• _GOAL OF THE EXERCISE_
After repeating the line containing "The following screenshot", stop; until then, repeat each line of the listing below exactly, starting with the first.

• _THE DATA_
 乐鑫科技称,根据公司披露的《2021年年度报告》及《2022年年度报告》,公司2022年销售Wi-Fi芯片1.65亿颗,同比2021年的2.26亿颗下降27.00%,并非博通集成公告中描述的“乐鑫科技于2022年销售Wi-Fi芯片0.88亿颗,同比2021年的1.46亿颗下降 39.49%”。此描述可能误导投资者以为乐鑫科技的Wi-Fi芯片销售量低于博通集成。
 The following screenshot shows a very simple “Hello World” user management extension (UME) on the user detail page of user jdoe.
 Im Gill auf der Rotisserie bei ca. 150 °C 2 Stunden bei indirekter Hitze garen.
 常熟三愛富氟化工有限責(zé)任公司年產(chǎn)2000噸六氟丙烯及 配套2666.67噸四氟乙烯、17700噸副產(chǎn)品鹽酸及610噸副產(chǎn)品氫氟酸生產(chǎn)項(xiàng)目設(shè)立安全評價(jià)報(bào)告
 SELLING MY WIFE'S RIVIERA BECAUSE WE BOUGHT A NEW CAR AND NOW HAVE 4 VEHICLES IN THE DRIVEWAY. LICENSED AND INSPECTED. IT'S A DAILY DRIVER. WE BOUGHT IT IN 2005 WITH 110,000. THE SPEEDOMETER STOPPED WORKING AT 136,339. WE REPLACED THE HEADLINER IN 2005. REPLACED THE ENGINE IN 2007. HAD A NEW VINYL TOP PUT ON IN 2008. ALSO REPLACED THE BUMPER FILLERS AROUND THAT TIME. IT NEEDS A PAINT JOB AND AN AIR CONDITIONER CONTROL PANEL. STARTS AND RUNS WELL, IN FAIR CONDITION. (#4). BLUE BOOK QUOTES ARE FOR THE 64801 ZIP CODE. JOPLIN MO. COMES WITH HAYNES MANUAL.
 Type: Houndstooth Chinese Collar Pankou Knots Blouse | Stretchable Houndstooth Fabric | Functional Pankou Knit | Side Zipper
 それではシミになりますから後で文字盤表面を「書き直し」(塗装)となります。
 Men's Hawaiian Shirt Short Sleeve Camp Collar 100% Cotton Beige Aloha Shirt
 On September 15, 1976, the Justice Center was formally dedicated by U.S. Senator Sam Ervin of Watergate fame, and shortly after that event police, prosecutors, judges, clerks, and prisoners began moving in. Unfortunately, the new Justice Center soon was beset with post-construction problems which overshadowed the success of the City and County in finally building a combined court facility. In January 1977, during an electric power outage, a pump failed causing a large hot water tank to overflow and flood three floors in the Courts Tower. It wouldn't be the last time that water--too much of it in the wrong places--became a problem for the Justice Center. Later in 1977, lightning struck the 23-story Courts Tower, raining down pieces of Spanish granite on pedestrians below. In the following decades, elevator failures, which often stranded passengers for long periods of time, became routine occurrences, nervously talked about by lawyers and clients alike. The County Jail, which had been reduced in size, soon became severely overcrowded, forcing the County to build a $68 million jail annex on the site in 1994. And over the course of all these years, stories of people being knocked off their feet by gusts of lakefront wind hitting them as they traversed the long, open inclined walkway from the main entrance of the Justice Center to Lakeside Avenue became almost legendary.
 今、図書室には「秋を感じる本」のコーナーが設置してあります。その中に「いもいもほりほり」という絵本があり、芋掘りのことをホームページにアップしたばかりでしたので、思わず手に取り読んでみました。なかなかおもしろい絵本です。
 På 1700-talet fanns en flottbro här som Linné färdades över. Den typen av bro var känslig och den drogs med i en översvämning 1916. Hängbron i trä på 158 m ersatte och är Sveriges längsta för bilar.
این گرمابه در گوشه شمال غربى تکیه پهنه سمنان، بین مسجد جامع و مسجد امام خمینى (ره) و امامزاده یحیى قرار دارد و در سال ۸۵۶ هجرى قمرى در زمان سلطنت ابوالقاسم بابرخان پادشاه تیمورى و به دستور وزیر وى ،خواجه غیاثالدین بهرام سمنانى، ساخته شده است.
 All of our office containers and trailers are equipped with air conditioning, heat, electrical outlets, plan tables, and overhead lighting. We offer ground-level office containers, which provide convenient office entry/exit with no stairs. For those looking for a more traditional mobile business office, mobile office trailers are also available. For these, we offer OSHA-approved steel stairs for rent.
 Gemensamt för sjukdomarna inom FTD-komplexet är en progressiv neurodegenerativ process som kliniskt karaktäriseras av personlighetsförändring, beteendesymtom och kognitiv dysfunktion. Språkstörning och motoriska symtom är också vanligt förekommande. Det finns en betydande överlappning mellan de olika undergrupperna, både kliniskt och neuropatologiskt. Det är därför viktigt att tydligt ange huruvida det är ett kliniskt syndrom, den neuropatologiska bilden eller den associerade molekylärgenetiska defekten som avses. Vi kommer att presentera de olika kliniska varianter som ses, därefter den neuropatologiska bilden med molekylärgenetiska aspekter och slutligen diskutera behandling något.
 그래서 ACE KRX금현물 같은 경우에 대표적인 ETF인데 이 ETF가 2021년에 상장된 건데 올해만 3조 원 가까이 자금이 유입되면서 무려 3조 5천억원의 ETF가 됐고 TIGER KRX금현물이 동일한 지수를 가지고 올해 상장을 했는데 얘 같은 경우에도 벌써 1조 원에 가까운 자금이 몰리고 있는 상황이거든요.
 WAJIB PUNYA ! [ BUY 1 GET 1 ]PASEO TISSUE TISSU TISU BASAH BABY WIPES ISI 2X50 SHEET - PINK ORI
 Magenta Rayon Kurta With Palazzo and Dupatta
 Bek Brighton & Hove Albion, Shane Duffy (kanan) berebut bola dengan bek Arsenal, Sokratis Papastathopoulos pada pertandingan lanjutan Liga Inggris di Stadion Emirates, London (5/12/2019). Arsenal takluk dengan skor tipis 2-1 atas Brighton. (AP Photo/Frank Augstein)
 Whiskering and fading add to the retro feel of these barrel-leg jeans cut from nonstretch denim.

• _ANSWER AREA_
 乐鑫科技称,根据公司披露的《2021年年度报告》及《2022年年度报告》,公司2022年销售Wi-Fi芯片1.65亿颗,同比2021年的2.26亿颗下降27.00%,并非博通集成公告中描述的“乐鑫科技于2022年销售Wi-Fi芯片0.88亿颗,同比2021年的1.46亿颗下降 39.49%”。此描述可能误导投资者以为乐鑫科技的Wi-Fi芯片销售量低于博通集成。
 The following screenshot shows a very simple “Hello World” user management extension (UME) on the user detail page of user jdoe.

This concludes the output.